Under CSR, \(g(r)\) has an expected value of 1, values \(<1\) indicate fewer points with separation distance \(r\) than expected (i.e., avoidance), and vice versa for \(g(r) > 1\).
# Estimate the g function
pcf_bei <- pcf(bei)
pcf_bei
## Function value object (class 'fv')
## for the function r -> g(r)
## ..............................................................
## Math.label Description
## r r distance argument r
## theo g[Pois](r) theoretical Poisson g(r)
## trans hat(g)[Trans](r) translation-corrected estimate of g(r)
## iso hat(g)[Ripley](r) isotropic-corrected estimate of g(r)
## ..............................................................
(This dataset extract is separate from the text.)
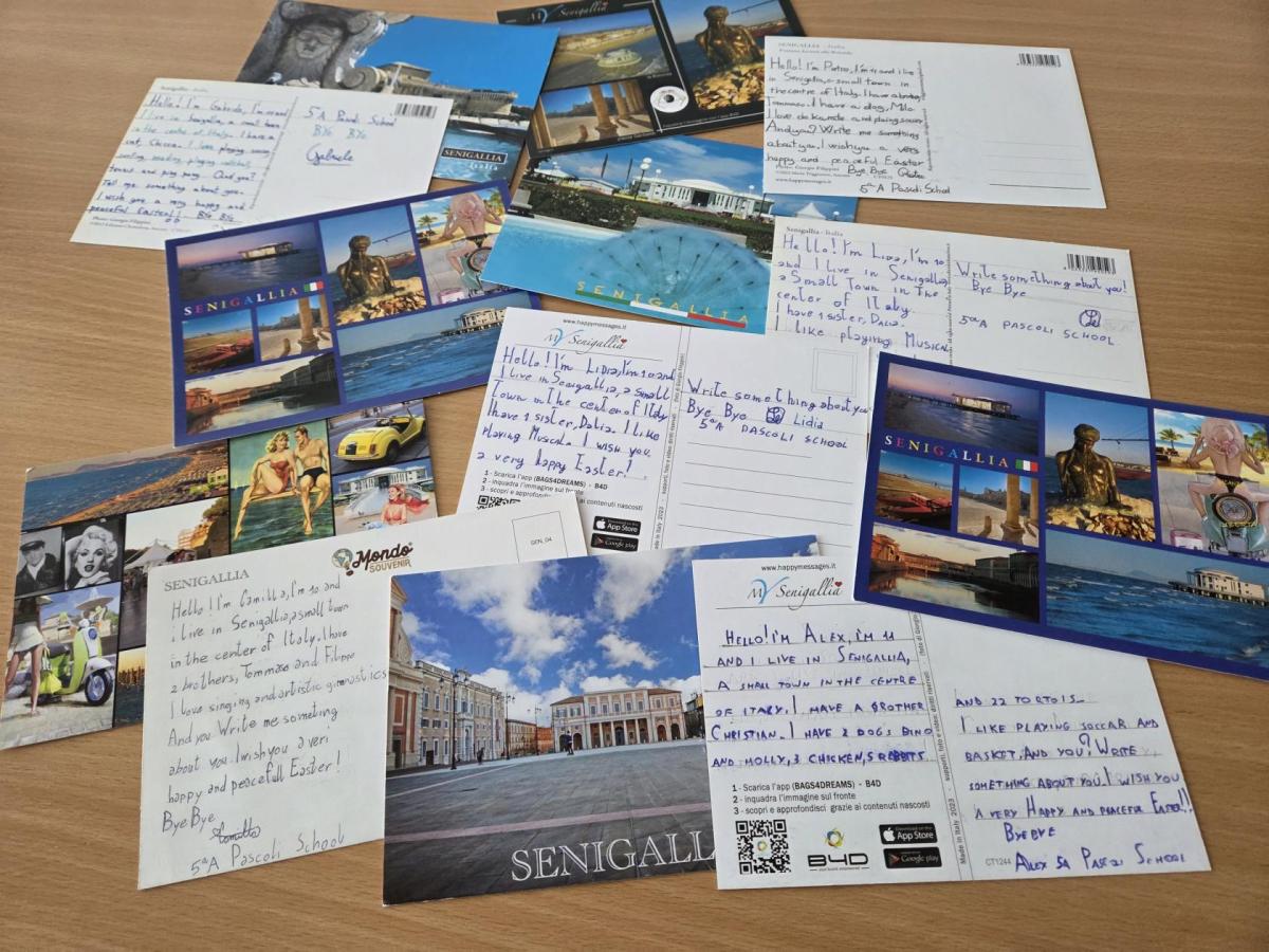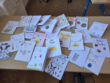 No a ještě dostaly přání od dětí ze Španělska, Itálie nebo Polska, která nám přišla na oplátku poštou do školy.

## Default plot formula: .~r
## where "." stands for 'iso', 'trans', 'theo'
## Recommended range of argument r: [0, 125]
## Available range of argument r: [0, 125]
## Unit of length: 1 metre
# Default plot method
plot(pcf_bei)
# visualise the results
plot(pcf_bei,
theo ~ r,
ylim = c(0,20),
main = "",
col = "grey70",
lwd = 2,
lty = "dashed")
plot(pcf_bei,
iso ~ r,
col = c("#046C9A"),
lwd = 2,
add = T)
The estimator of the pair correlation function also assumes
homogeneity. Here again, we can relax this assumption via the
pcfinhom()
function.
# Estimate g corrected for inhomogeneity
g_inhom <- pcfinhom(bei)
# visualise the results
plot(g_inhom,
theo ~ r,
ylim = c(0,9),
main = "",
col = "grey70",
lwd = 2,
lty = "dashed")
plot(g_inhom,
iso ~ r,
col = c("#046C9A"),
lwd = 2,
add = T)
Again, when corrected for inhomogeneity, the empirical deviations appear weaker than in the homogeneous case, and persist for only \(\sim\) 20 meters. Simulation based methods can be used to help determine whether the observed clustering is significant.
#Simulation envelope (with points drawn from the estimated intensity)
pcf_bei_inhom <- envelope(bei,
pcfinhom,
simulate = expression(rpoispp(lambda_bei_pos)),
rank = 1,
nsim = 19)
## Generating 19 simulations by evaluating expression ...
## 1, 2, 3, 4, 5, 6, 7, 8, 9, 10, 11, 12, 13, 14, 15, 16, 17, 18,
## 19.
##
## Done.
# visualise the results
par(mfrow = c(1,2))
plot(pcf_bei_inhom)
# Zoom in on range where significant deviations appear
plot(pcf_bei_inhom,
xlim = c(0,35),
main = "",
lwd = 2)
When corrected for homogeneity, there appear to be more trees than expected by random chance between \(\sim\) 0 - 10 meters. Beyond that, the locations of trees appear not to exhibit any significant correlations.